Мы остановились рядом с небольшим суденышком, похожим скорее на паром, таким оно казалось обтрепанным и смешным. Это был малайский «грузовик». Незадолго до нас он пришел с Борнео, из Сандакана. Широкая надпись «Батавия» занимала добрую половину его борта. В этот поздний час на «Батавии» не утихала работа. Матросы мыли палубу и красили надстройки; утром они, наверное, ожидали хозяина и капитан собирался «блеснуть».

Они работали до самого утра. Южная ночь летела над морем, над островами, над глухими прикрытиями фортов. Смутное видение города тонуло в ней; оно растворялось в зыбком течении рассвета, и даже наш маленький сосед словно растаял во мгле. Но матросы по-прежнему перекликались на его борту, они не отдыхали до сих пор.

С рассветом они уезжали вместе с нами на берег отдыхать. Лица их были усталые и сонные. Они ни о чем не говорили до самых причалов. Они сидели на скамье катера тесной семьей и молча курили длинные китайские трубки. Их было тринадцать человек: палубные, механики, кочегары, — весь экипаж, и казалось просто непонятным: кто же остался на корабле?

За большими кварталами набережной, за черной рекой джонок у них были родные и друзья. Они были и на островах, разбросанных в проливе, на дымном Пулау-брани, Пуло-убип, в доках Селетара. Но матросы не оглядывались на берег, и у причала они помедлили еще, пока сошли все пассажиры. Может быть от усталости походка их была медлительна и как бы осторожна здесь, на веселом, шумном берегу. Еще лишь начиналось утро, а город смеялся и жил, большой и цветистый, объятый лазурью со всех сторон, окованный крепким бетоном. Только серые здания банков и контор, тяжелые и слепые, хранили остаток ночи. Они стояли сплошным барьером, словно чужие на этой земле. Мимо их грузных стен шел непрерывный поток автомобилей, троллейбусов и рикш. Гул улицы, движение толпы — ничто не касалось задернутых стальными решетками окон, — они темнели, холодные и чужие.

Рядом, в переулках, было пустынно и тихо. Рослые бородачи с автоматами у груди охраняли эту тишину. Жизнь улицы шла мимо: к базарам, к плантациям Синклап-род, к рабочим предместьям.

Моряки с «Батавии» тоже не пошли через большой квартал. Они повернули налево, мимо ограды набережной, к портовым землякам.
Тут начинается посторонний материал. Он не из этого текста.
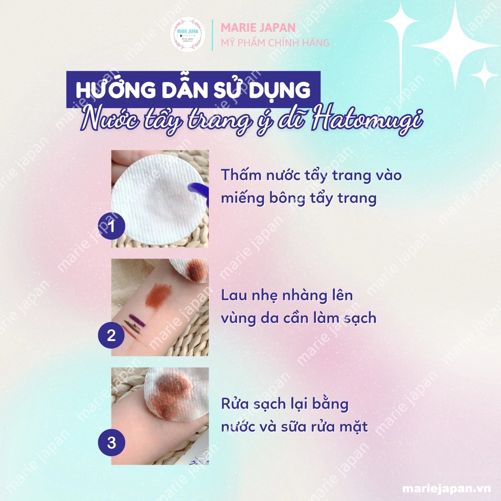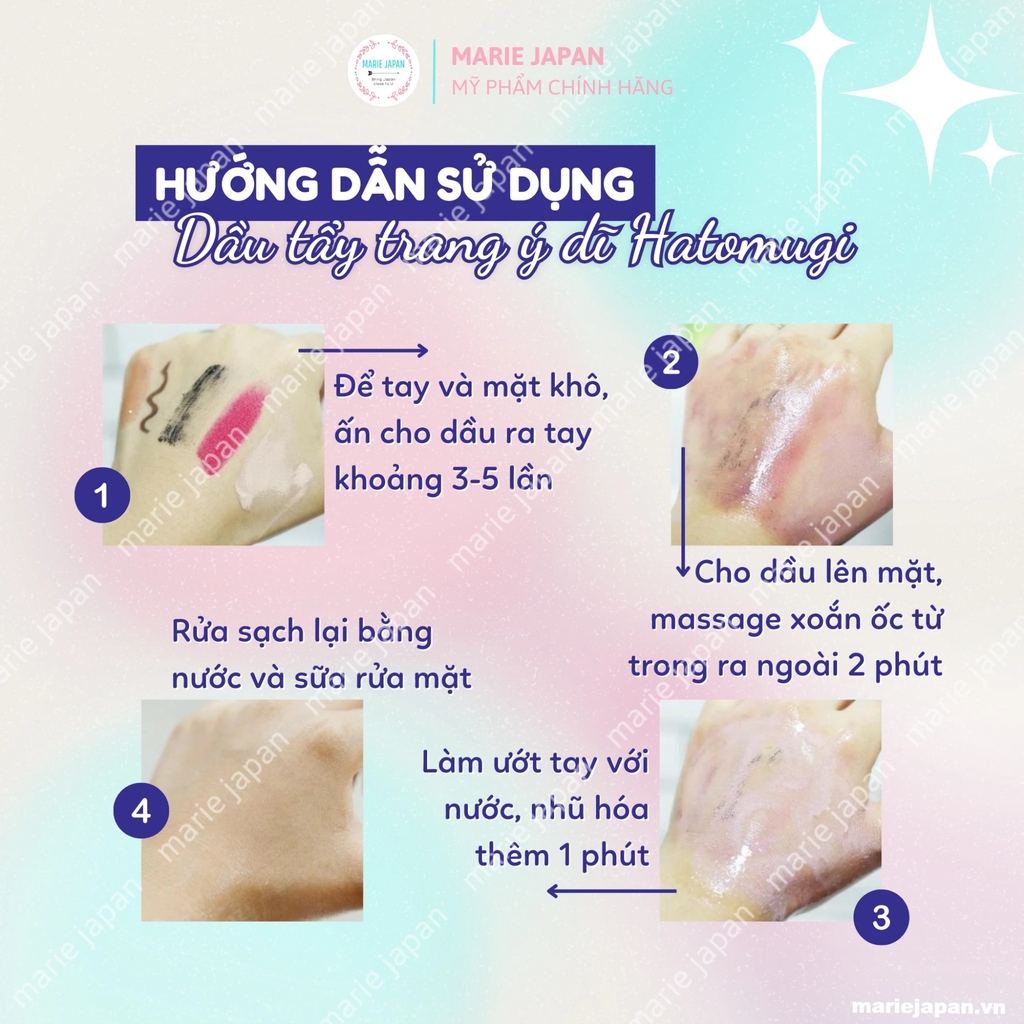 Tẩy trang Hatomugi có cách sử dụng đơn giản, dễ thực hiện. Dưới đây là 2 cách đối với 2 phân loại khác nhau.

Я шел вслед за ними, не зная, куда пойти, и малайцы вскоре заметили это. Они подождали меня на углу, и мы пошли вместе, ни о чем не спрашивая друг друга, как давние друзья.

За торговыми домами китайских купцов начинался базар — дно океана, где осьминоги, розовые и живые, лениво ворочались под ножами рыбаков, где было все, что дает море. Мы шли дальше, к реке, — шумный город раскрывался все шире, и на каждом шагу мои приятели встречали друзей. Это были матросы, рикши, рыбаки, портовые рабочие и торговцы. Они приглашали к себе, и в тесных, темных лачугах дети смеялись нам, и старики делили с нами табак. Здесь жило чувство родины и мне, дальнему человеку, тоже было радостно и тепло.

Мы долго бродили по Робинзон-род. Солнце уже накалило воздух, и матросы спешили к своим землякам. Вскоре нас осталось трое — этим двум некуда было идти. У памятника Раффльсу, на бульваре, мы молча сидели на скамье, глядя на непрерывно текущую толпу. В просветах улиц, между крышами домов светилось море. Большое дыхание порта, как ветер, шло над толпою — оно давало ей жизнь.

Малайцы сидели рядом со мной — они улыбались моему каждому слову, и, хотя мы не понимали друг друга, нам было хорошо втроем, на этой щедрой и теплой земле. За островами, за морем у них были семьи и кров. Но этот большой солнечный город также был их семьей. Недаром хижины открывались перед ними, и дети смеялись им, как родным. Они ушли с корабля все до одного, только белый капитан остался на вахте. Может быть, и это было условием их труда — уважение и любовь к родине?

Я долго спрашивал их об этом, стараясь найти понятные слова, но они лишь улыбались, качая головами.

Старший малаец, работавший кочегаром на судне, понял. Он удивленно пожал плечами и потом долго о чем-то спорил со своим приятелем, юнгой. Оказывается, они не знали даже, какой груз был на их корабле. Они показывали в сторону порта, все время повторяя одни и те же слова:

— «Батавия»… Капитан… — и в глазах их угадывалась скрытая тревога.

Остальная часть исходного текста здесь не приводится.